Monday’s ruling came after protests by environmental groups, including the Sierra Club, demanded Idaho Power invest in renewables and reduce demand rather than prolonging the life of the dirtier coal plant.

However, the commission decided Idaho Power’s proposed investments, at least at this time, were better for ratepayers and trumped alternatives proposed by the environmental groups.

“We don’t have a crystal ball,” Fadness said. “The commission has always felt that if utilities are acting on the best information they had at the time, then the commission doesn’t necessarily feel those costs have to be denied.”

Idaho Power, which owns one-third of the Jim Bridger coal-fired power plant near Rock Springs, Wyo., is under a federal Clean Air Act deadline meant to improve air quality in wilderness areas and national parks such as Yellowstone, located to the north of the plant.

PacifiCorp, which owns two-thirds of the Bridger plant, has already won approval from regulators in Utah and Wyoming for its share of the upgrades, due to be completed by late 2016.

Idaho Power spokesman Bill Shawver said the utility was pleased that regulators gave the company the go-ahead to move forward with the project, over the objections of environmentalists.

Regulators “acknowledged what we feel: That it’s still in the best interests of our customers and the company, from a cost perspective, to install the emissions control equipment,” Shawver said.

In a partial victory for environmental groups, the Idaho regulator declined to approve one request from the utility that would have virtually guaranteed that Idaho Power could recover the full $130 million investment.
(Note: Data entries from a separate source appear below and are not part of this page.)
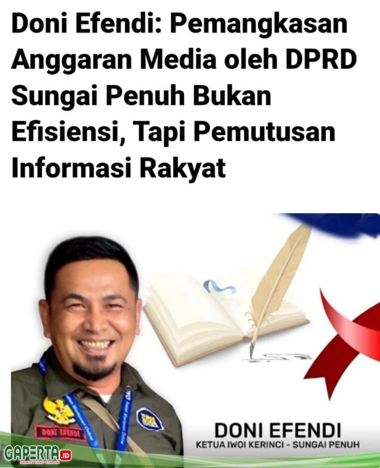 DPT Doni Efendi, Ketua Ikatan Wartawan Online Indonesia Kabupaten Kerinci dan Kota Sungai Penuh, dimintai tanggapannya menyatakan bahwa ia dengar dengar masalah efesiensi, namun ia juga menyesali sikap DPRD Kota Sungai Penuh, sebab efesiensi bukanlah suatu alasan tepat memangkas habis anggaran publikasi media, sebab masyarakat kota Sungai penuh juga butuh informasi kinerja DPRD bagi rakyat.
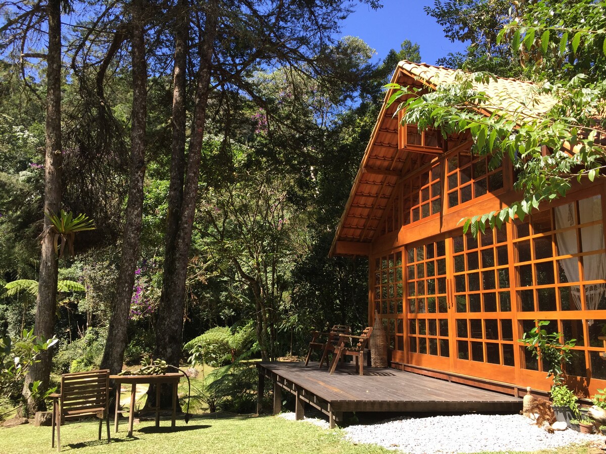 Um chalé aconchegante e privativo, no meio do mato, com muito espaço ao ar livre e rio dentro da propriedade. Possui 2 quartos, banheiro, closet, cozinha equipada, sala com lareira e rede. Perfeito para relaxar e se conectar com a natureza! LOCALIZAÇÃO: - São 2.7km de estrada de terra a partir do km 14 da RJ-142. Não é necessário 4x4. - A 12km de Lumiar, cidade com restaurantes, bares, comércio e cachoeiras. ATENÇÃO: Check-in até 17h, por conta do horário de trabalho dos nossos funcionários
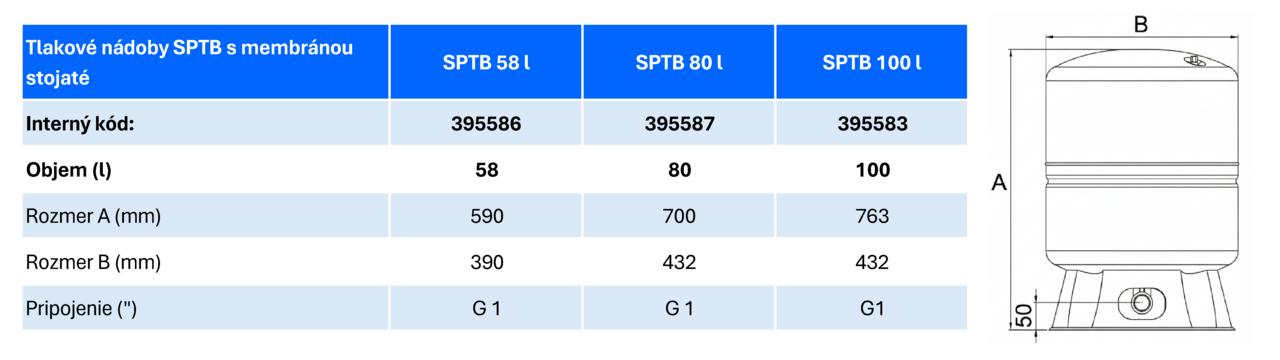 Stojatá tlaková nádoba SPTB 100 l s fixnou membránou a nerezovým pripojením
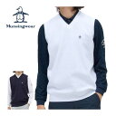 Munsingwear GOLFおすすめ アパレル ウエア 洋服男性 トップス 手洗い可 スポーティ ロゴグラフィック 重ね着背面ロゴ ソフト 軽量 レギュラーシルエット ホワイト 白 紺マンシングウェア 地柄 Vネック ニットベスト ゴルフウェア メンズ 2025年秋冬モデル M-LL MG5FVE80M [即納]
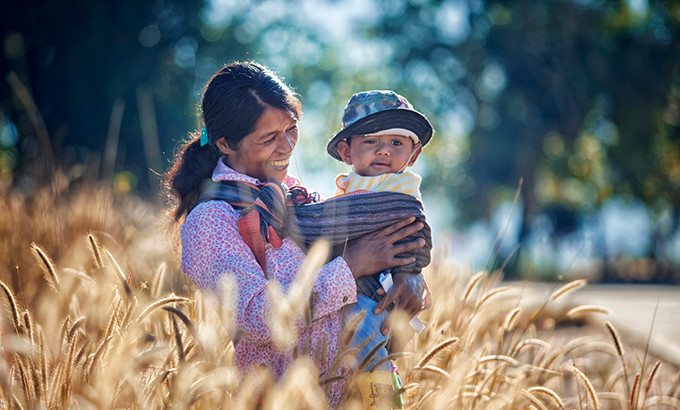 Em bé người K'Ho trong vòng tay yêu thương của người mẹ ở xã Rô Men, huyện Đam Rông, Lâm Đồng.
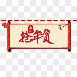 一组手绘水彩年俗物品集合之买年货免抠元素
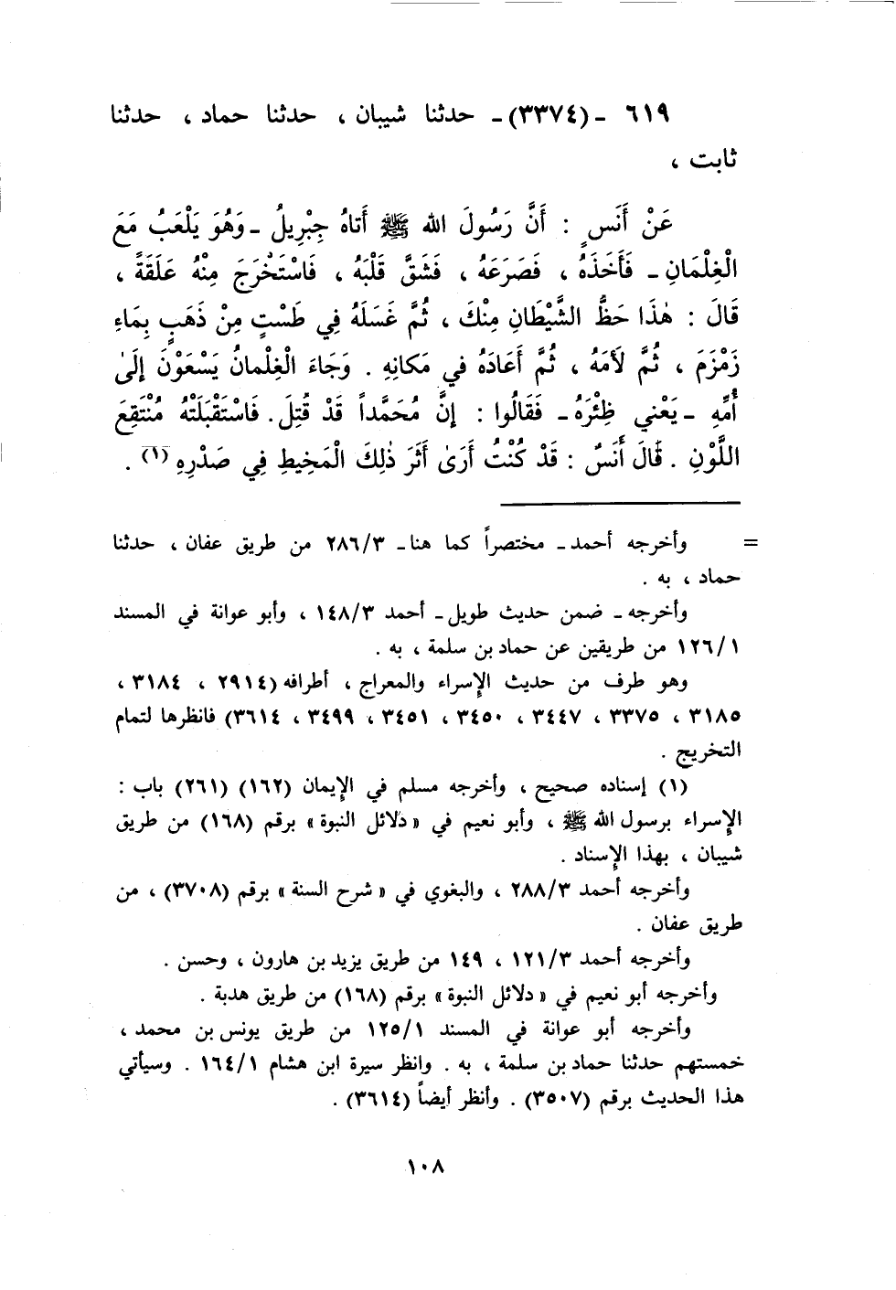 3374 - حَدَّثَنَا شَيْبَانُ، حَدَّثَنَا حَمَّادٌ، حَدَّثَنَا ثَابِتٌ، عَنْ أَنَسٍ: أَنَّ رَسُولَ اللَّهِ صَلَّى اللهُ عَلَيْهِ وَسَلَّمَ " §أَتَاهُ جِبْرِيلُ - وَهُوَ يَلْعَبُ مَعَ الْغِلْمَانِ - فَأَخَذَهُ، فَصَرَعَهُ، فَشَقَّ قَلْبَهُ، فَاسْتَخْرَجَ مِنْهُ عَلَقَةً، قَالَ: هَذَا حَظُّ الشَّيْطَانِ مِنْكَ، ثُمَّ غَسَلَهُ فِي طَسْتٍ مِنْ ذَهَبٍ بِمَاءِ زَمْزَمَ، ثُمَّ لَأَمَهُ، ثُمَّ أَعَادَهُ فِي مَكَانِهِ " وَجَاءَ الْغِلْمَانُ يَسْعَوْنَ إِلَى أُمِّهِ - يَعْنِي: ظِئْرَهُ - فَقَالُوا: إِنَّ مُحَمَّدًا قَدْ قُتِلَ، فَاسْتَقْبَلَتْهُ مُنْتَقِعَ اللَّوْنِ. قَالَ أَنَسٌ: قَدْ كُنْتُ أَرَى أَثَرَ ذَلِكَ الْمِخْيَطِ فِي صَدْرِهِKإسناده صحيح
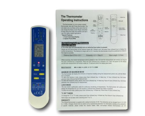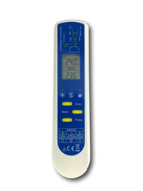 The Food Grade Dual Infrared is an easy to use thermometer for measuring the temperature of food. With its built-in probe, this thermometer is the perfect item for those who need to know the exact temperature of the item that they are cooking.
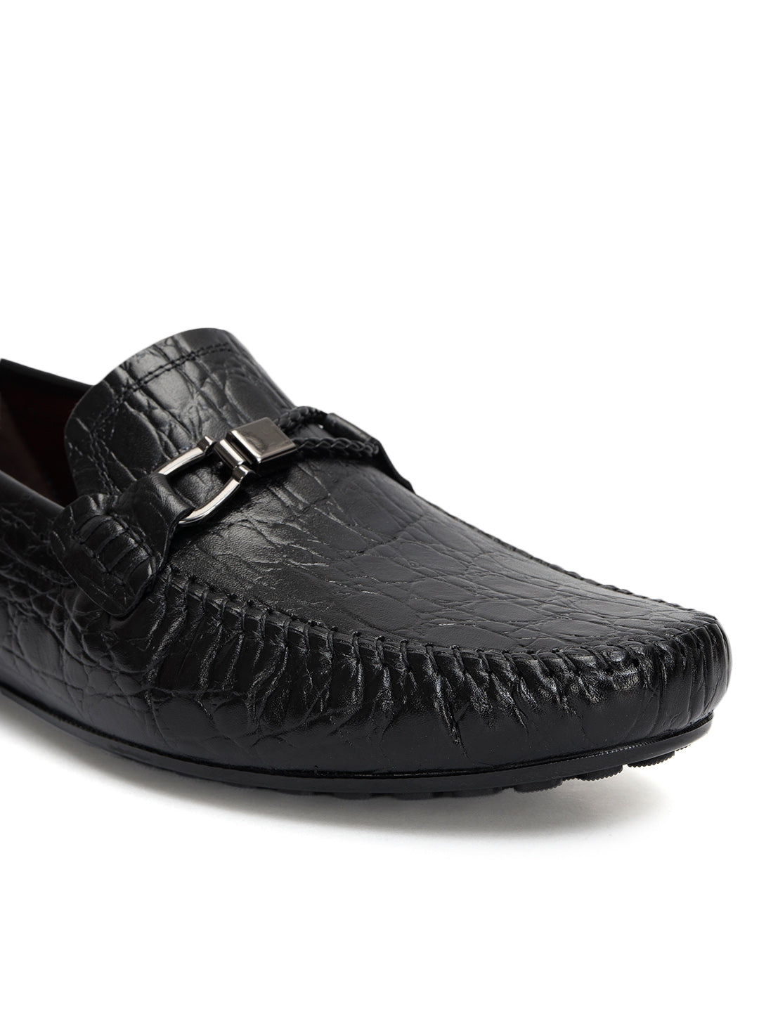 Crafted from genuine leather, these men’s moccasins feature a stylish croco texture with a braided panel on top. Designed for comfort, they are perfect for parties or casual outings. A versatile and refined choice to elevate your look effortlessly.

Allowing the so-called preferred ratemaking would have made it more difficult for Idaho Power to abandon these investments, even if stricter federal greenhouse gas limits made the controls a bad deal for ratepayers, the commission wrote in its 13-page decision.

“A tipping point could be reached making them uneconomic,” regulators wrote. “As the project moves toward completion … we direct Idaho Power to return to the commission if viable alternatives … become available.”

Asked if Idaho Power will ask regulators to reconsider preferred ratemaking, Shawver said the utility was still analyzing the ruling and no decision had been made.

Zack Waterman, director of the Sierra Club in Idaho and a key organizer of opposition to the utility’s investment in the coal plant, didn’t immediately return a phone call seeking comment.

The environmental upgrades are needed to comply with regional haze rules under the Clean Air Act, designed to improve visibility in national parks and wilderness areas. Those rules require controls to limit nitrogen oxide emissions by December 2015 on Jim Bridger Unit 3 and by December 2016 on Unit 4.